Our securities laws are premised on the belief that equal access to information ensures fairness and integrity in our markets. To ensure equal access to information, Congress enacted the Securities Act of 1933 and the Securities and Exchange Act of 1934. The overarching, critical purpose of federal securities laws is to protect investors from fraud — particularly, the sorts of fraud that arise from asymmetric information (such as misstatements and omissions in financial filings). Among other reasons, the SEC was formed to stamp out a particularly egregious form of fraud that had become commonplace among high-level executives — insider trading.
Insider trading is considered a severe threat to public trust in securities markets. In the words of one federal court, to permit trading on material, non-public information would undermine the intent of Congress that “all members of the investing public should be subject to identical market risks” and that investors should be “trading on equal footing.”
Initial Implications of the Incident are Appaling
While the SEC is still investigating the cyberattack and the potential insider trading stemming from the incident, the initial implications of the SEC’s disclosure are appalling. The hackers were able to exploit a vulnerability in EDGAR – the SEC’s mandatory electronic filing portal that is used by companies to submit all manner of regulatory documents and disclosures that total more than 1.7 million filings each year. EDGAR provides the filed information to the public without charge, and it is monitored closely by investors worldwide as the official source for new financial data that is used to make investment choices. In sum, the EDGAR system is the most critical component used to implement federal securities laws’ transparency objectives.
The SEC’s only official comment about the incident is that hackers infiltrated a portion of EDGAR that is used to submit test filings. Oftentimes, companies that are preparing to submit a filing to the SEC (including annual and periodic financial reports and press releases) use a non-public test filing to make sure that the filing is in the correct format. Companies also use the test filings to obtain feedback from the SEC about the filing.
Potential Concern Over Separate Private Database
Hackers may have been able to obtain and trade on the test filings, taking advantage of the lag-time between the company submitting the test filing, and submitting the official public filing. Worse yet, some SEC officials are concerned that the “internal Edgar,” a private database used by SEC officials to store confidential corporate information, may have also been accessed.

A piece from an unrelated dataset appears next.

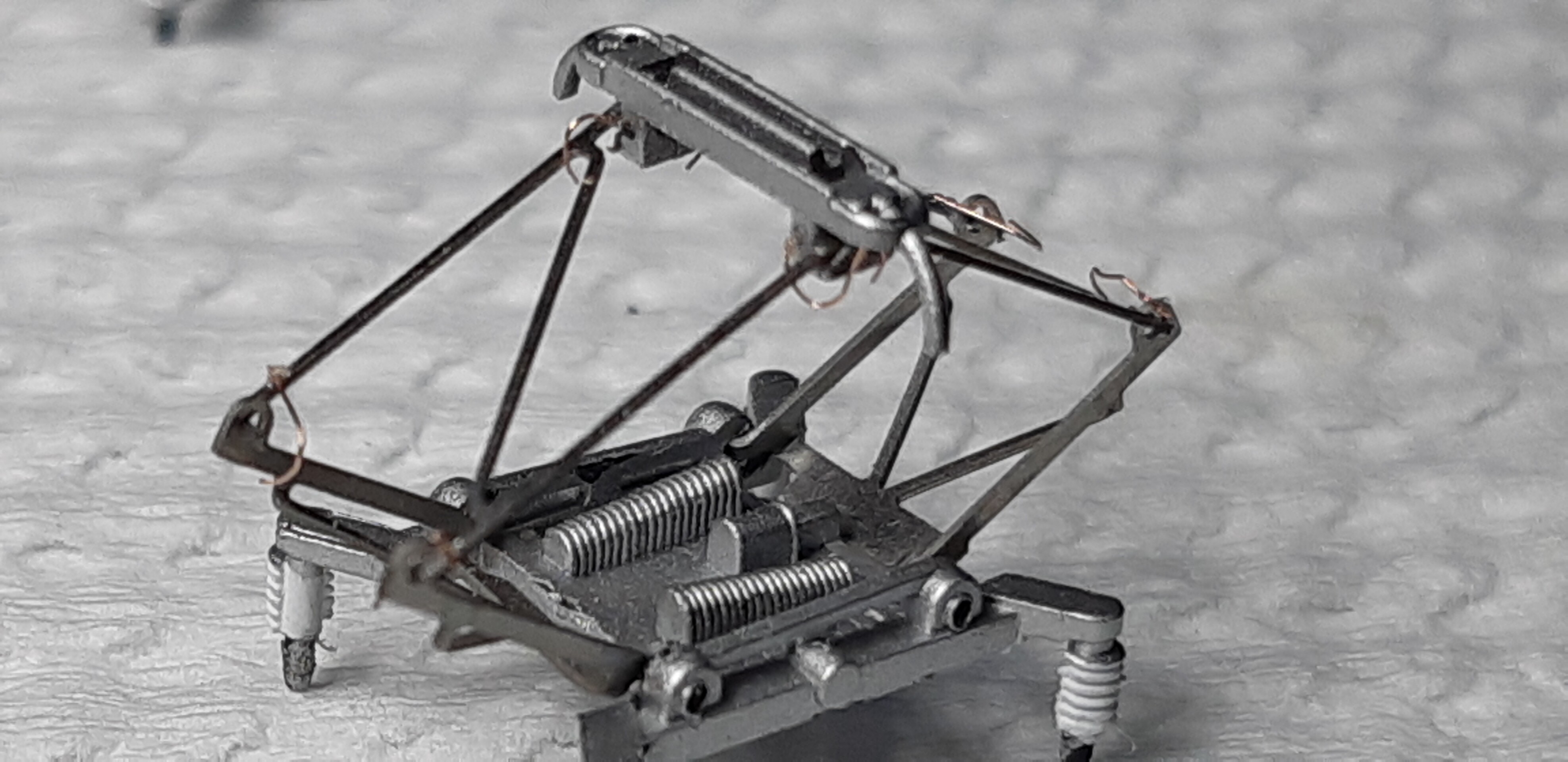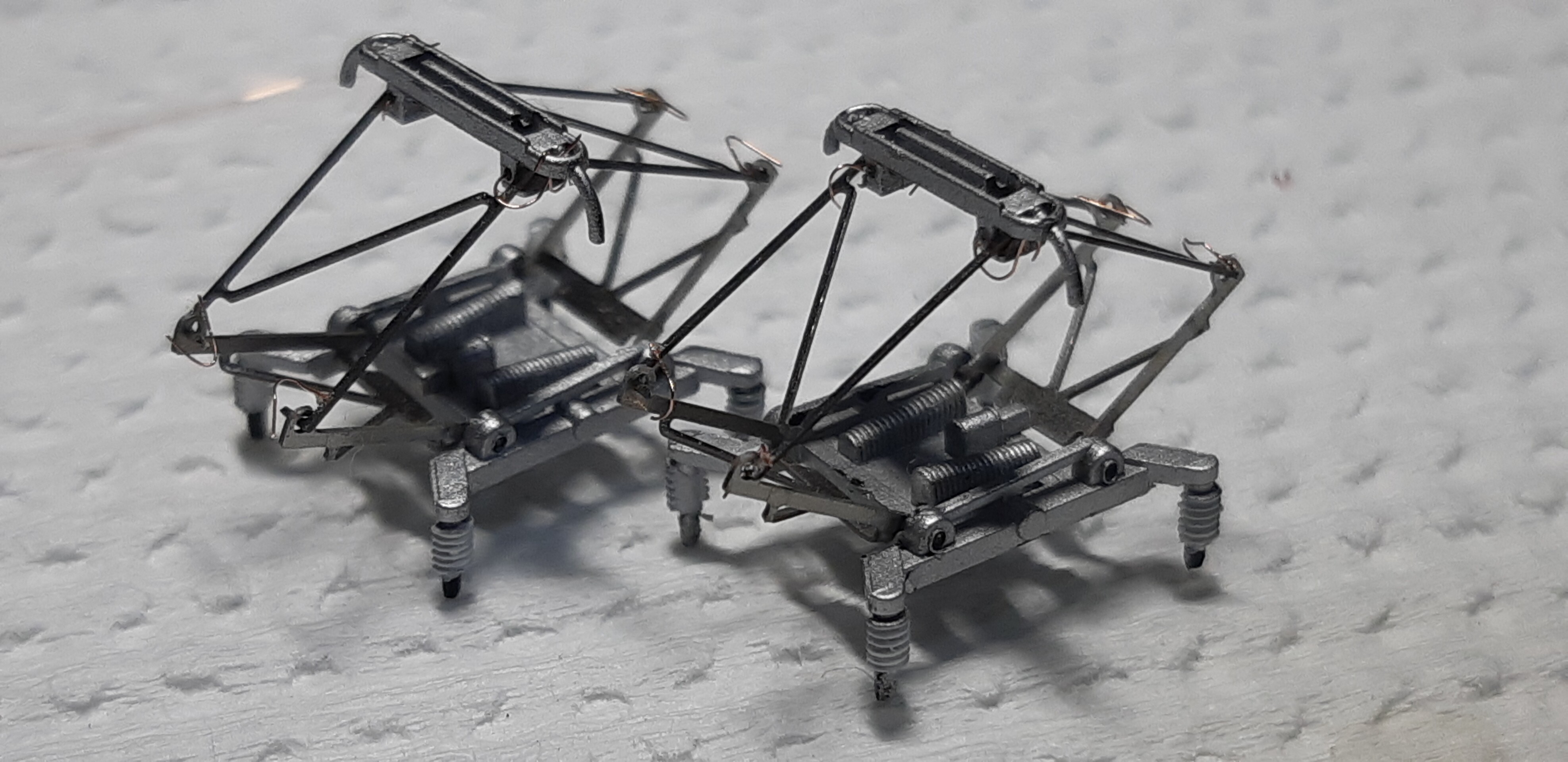 0.08㍉ポリウレタン銅線を使い、パンタグラフの折り目と擦り板の下にコーペルを取り付けます

We are all familiar with “doomsday” predictions centered around the fragility of our digital economy. Some even argue that we are just one electromagnetic pulse away from returning to gold and bartering. (Some will even sell you that gold at a hefty markup.) While overly-fatalist views about the market’s susceptibility to bad actors can be unhealthy, the SEC’s disclosure yesterday is a universal cause for alarm. All should recognize that as we further integrate technology into our critical infrastructure – such as securities exchanges – efficiency and convenience should not completely overshadow security. Otherwise, the EDGAR hack may be a prelude to what’s yet to come.